• [Provided data]:
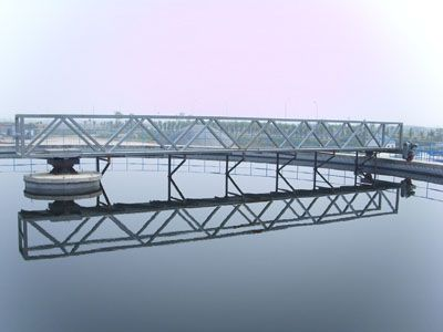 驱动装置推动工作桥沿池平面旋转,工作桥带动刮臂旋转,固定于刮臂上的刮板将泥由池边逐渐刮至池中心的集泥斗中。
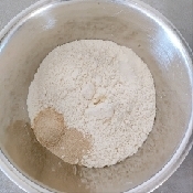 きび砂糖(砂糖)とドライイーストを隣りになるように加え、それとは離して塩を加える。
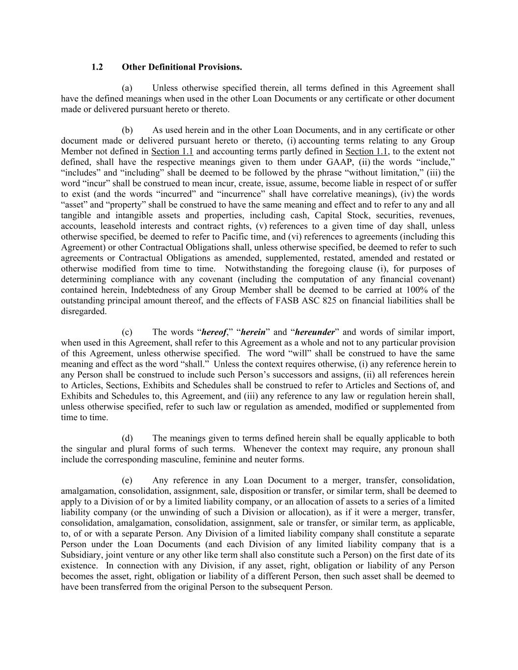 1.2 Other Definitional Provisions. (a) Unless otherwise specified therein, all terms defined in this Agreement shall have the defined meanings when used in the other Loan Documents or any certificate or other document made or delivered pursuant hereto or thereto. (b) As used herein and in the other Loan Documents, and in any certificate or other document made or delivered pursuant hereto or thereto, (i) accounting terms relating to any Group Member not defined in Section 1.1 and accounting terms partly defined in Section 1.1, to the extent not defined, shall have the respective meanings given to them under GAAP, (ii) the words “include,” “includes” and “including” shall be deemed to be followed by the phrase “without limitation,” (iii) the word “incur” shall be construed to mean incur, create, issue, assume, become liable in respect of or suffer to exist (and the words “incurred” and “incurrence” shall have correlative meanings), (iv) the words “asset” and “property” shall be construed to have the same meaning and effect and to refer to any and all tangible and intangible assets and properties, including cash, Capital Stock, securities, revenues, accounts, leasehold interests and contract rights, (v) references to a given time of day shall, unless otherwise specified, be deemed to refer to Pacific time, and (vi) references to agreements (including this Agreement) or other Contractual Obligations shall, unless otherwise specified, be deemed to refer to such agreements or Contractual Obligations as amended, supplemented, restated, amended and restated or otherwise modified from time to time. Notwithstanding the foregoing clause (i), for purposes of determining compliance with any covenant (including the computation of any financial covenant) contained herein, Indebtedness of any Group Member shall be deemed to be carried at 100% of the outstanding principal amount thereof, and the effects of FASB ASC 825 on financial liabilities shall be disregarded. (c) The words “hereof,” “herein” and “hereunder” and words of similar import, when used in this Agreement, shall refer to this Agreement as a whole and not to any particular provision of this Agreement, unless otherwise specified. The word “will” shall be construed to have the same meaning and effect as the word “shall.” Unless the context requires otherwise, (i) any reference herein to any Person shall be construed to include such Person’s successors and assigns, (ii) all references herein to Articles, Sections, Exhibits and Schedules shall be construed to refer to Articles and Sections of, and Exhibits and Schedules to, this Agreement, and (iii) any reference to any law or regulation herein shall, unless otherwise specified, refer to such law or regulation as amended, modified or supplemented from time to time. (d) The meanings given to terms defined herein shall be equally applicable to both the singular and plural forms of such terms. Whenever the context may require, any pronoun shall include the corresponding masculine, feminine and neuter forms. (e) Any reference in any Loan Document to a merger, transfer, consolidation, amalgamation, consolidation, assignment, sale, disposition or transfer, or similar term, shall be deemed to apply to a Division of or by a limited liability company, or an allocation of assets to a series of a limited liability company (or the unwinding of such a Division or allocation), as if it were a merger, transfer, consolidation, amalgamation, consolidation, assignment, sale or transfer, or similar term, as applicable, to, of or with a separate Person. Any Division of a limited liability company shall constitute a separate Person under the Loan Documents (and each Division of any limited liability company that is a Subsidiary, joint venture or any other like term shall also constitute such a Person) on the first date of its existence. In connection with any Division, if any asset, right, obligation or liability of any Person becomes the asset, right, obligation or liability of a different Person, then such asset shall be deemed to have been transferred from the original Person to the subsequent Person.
...
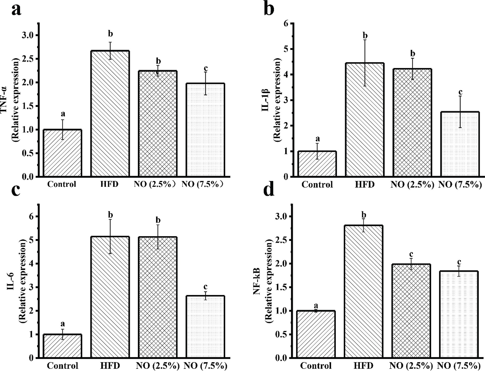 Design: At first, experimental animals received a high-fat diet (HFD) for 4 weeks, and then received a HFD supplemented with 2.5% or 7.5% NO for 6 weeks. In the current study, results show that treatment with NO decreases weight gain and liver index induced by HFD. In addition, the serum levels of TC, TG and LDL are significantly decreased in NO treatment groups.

• [What this task involves]:
Pictures in the entries do not go into the copy. Print only the lines starting at the one containing "驱动装置推动工作桥沿池平面旋" and ending at the one containing "きび砂糖(砂糖)とドライイー", exactly as they appear.

• [Answer to this task]:
 驱动装置推动工作桥沿池平面旋转,工作桥带动刮臂旋转,固定于刮臂上的刮板将泥由池边逐渐刮至池中心的集泥斗中。
 きび砂糖(砂糖)とドライイーストを隣りになるように加え、それとは離して塩を加える。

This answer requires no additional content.